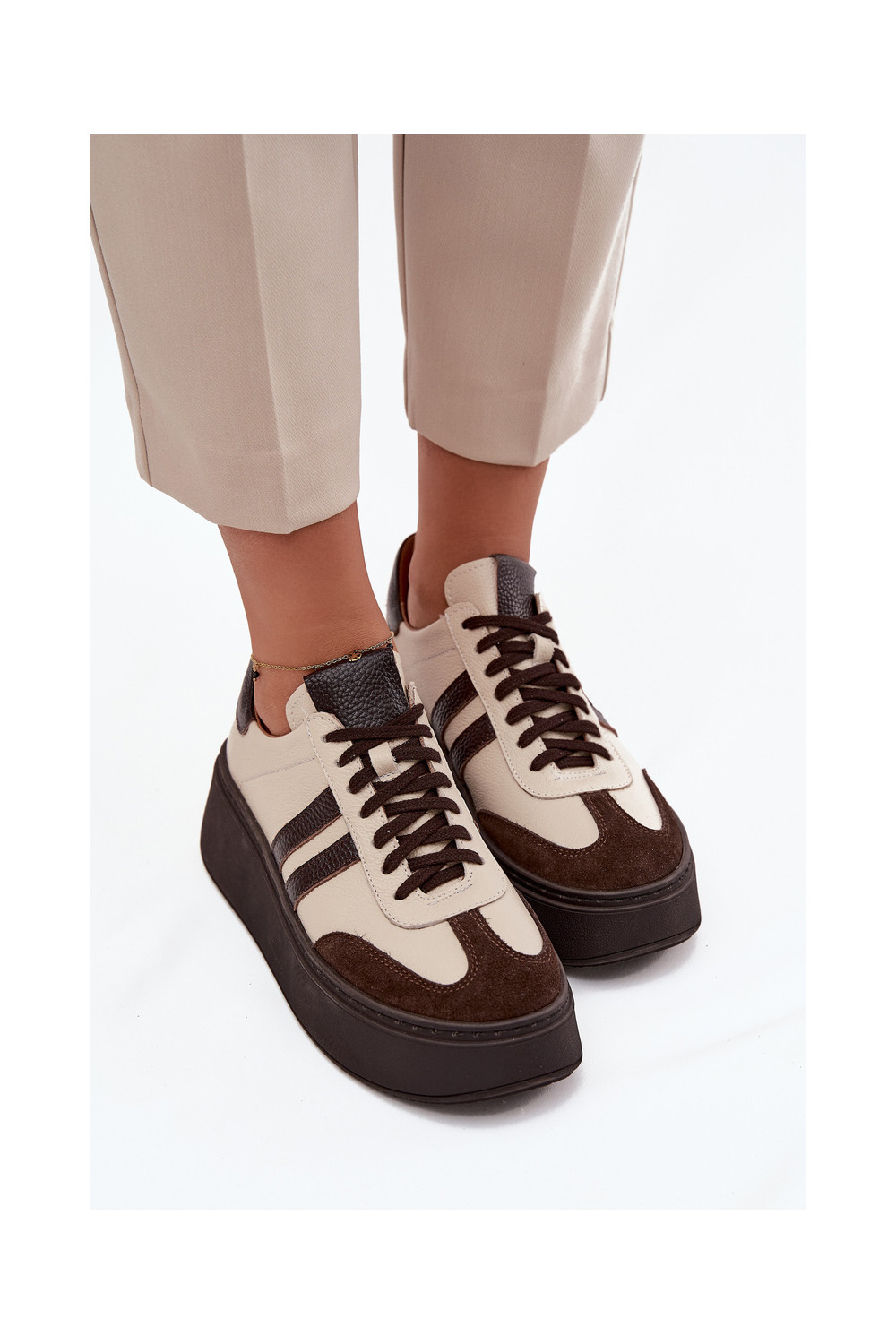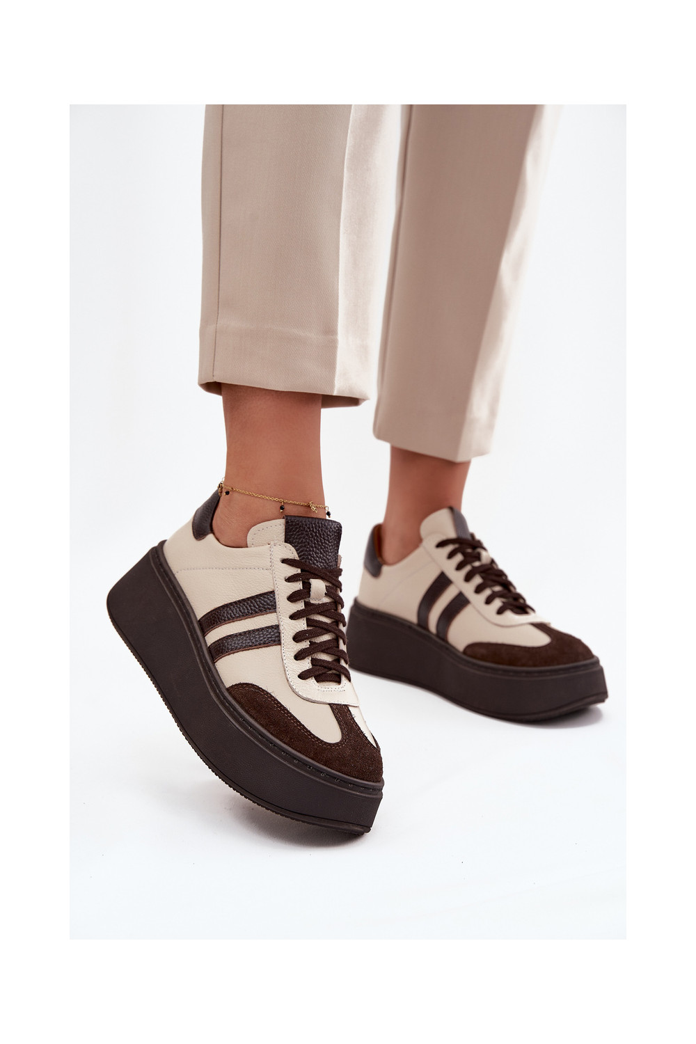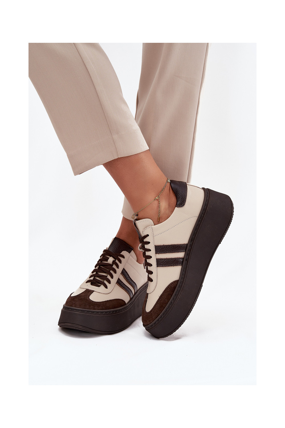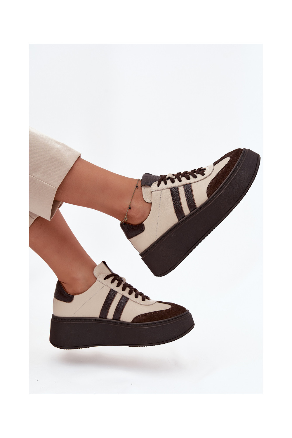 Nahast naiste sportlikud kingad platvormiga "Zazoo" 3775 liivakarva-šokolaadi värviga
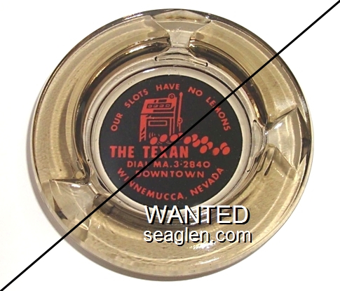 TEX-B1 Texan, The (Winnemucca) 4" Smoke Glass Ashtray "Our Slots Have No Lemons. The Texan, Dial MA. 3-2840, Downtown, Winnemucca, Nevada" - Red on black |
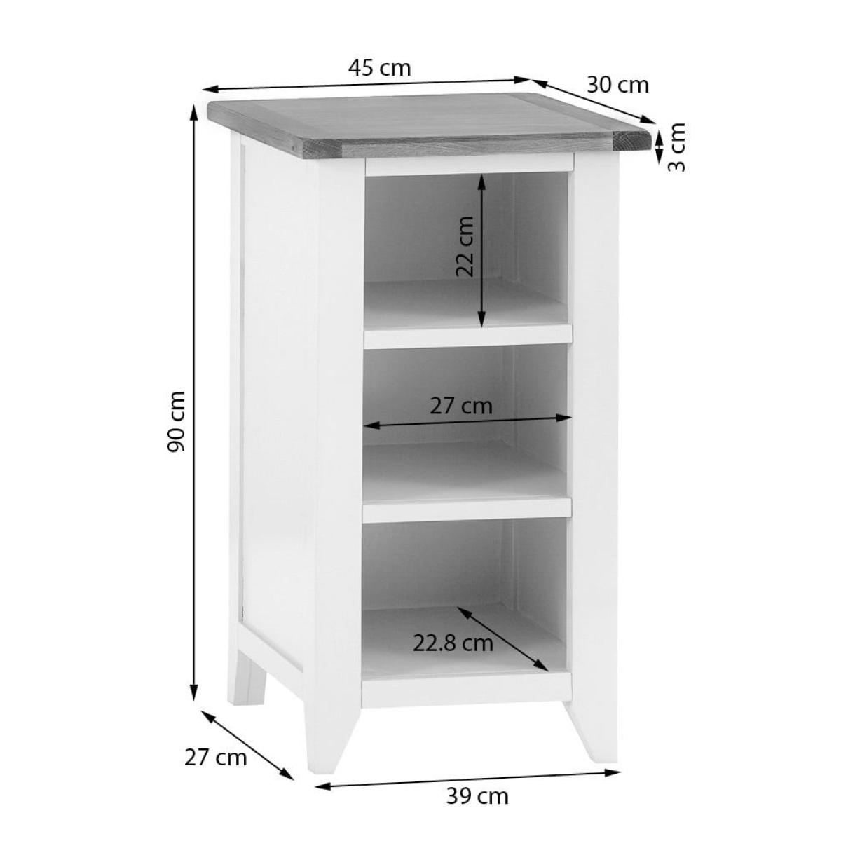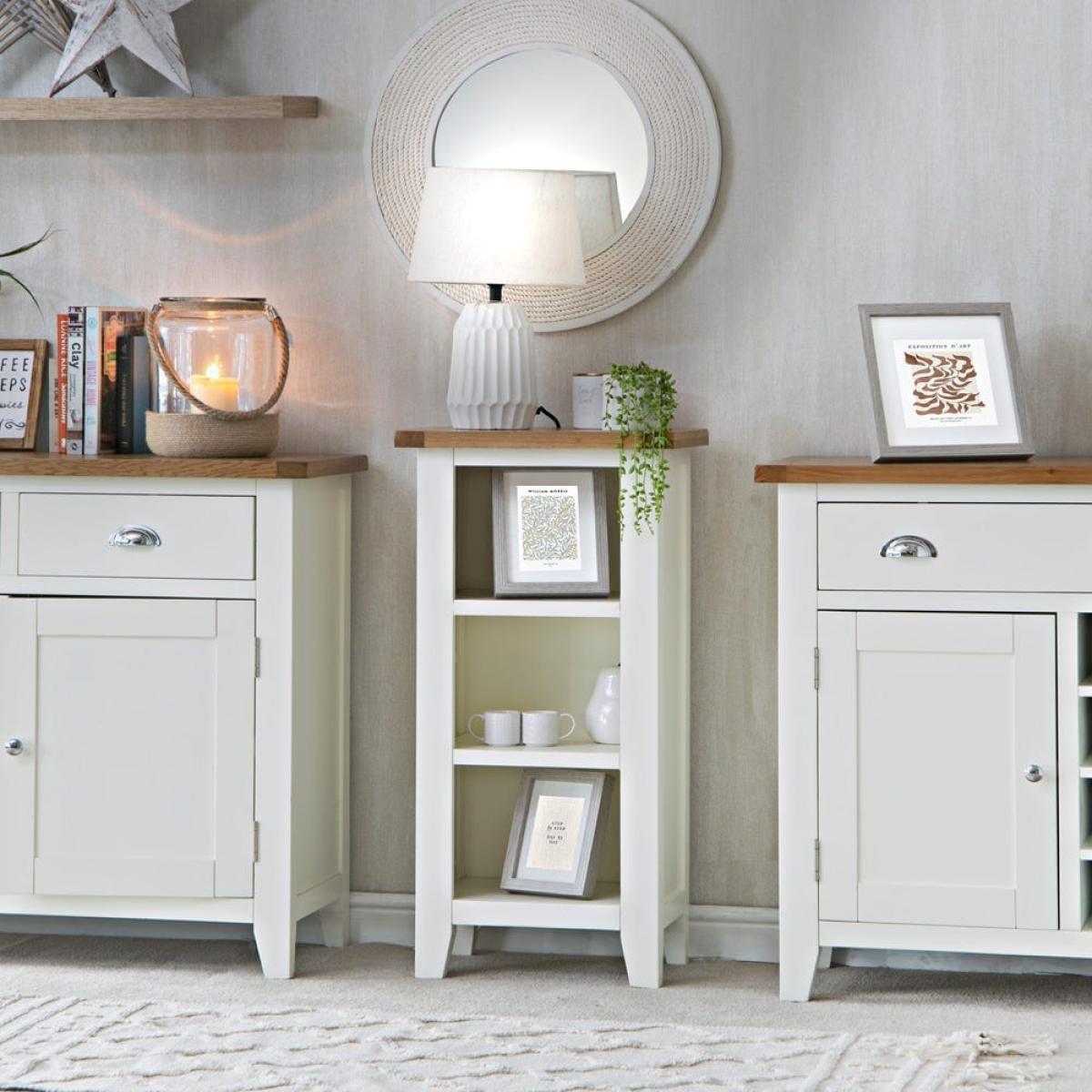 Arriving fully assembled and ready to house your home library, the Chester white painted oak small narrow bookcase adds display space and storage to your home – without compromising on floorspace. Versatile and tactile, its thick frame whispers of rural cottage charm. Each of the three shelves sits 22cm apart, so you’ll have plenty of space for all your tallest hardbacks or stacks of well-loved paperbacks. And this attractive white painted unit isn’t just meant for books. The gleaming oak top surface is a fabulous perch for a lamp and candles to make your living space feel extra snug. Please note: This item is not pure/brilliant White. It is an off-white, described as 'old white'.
━━━
What you should do ->
All of the data is to be returned exactly, with no pictures included.

Written solution ->
 Nahast naiste sportlikud kingad platvormiga "Zazoo" 3775 liivakarva-šokolaadi värviga
 TEX-B1 Texan, The (Winnemucca) 4" Smoke Glass Ashtray "Our Slots Have No Lemons. The Texan, Dial MA. 3-2840, Downtown, Winnemucca, Nevada" - Red on black |
 Arriving fully assembled and ready to house your home library, the Chester white painted oak small narrow bookcase adds display space and storage to your home – without compromising on floorspace. Versatile and tactile, its thick frame whispers of rural cottage charm. Each of the three shelves sits 22cm apart, so you’ll have plenty of space for all your tallest hardbacks or stacks of well-loved paperbacks. And this attractive white painted unit isn’t just meant for books. The gleaming oak top surface is a fabulous perch for a lamp and candles to make your living space feel extra snug. Please note: This item is not pure/brilliant White. It is an off-white, described as 'old white'.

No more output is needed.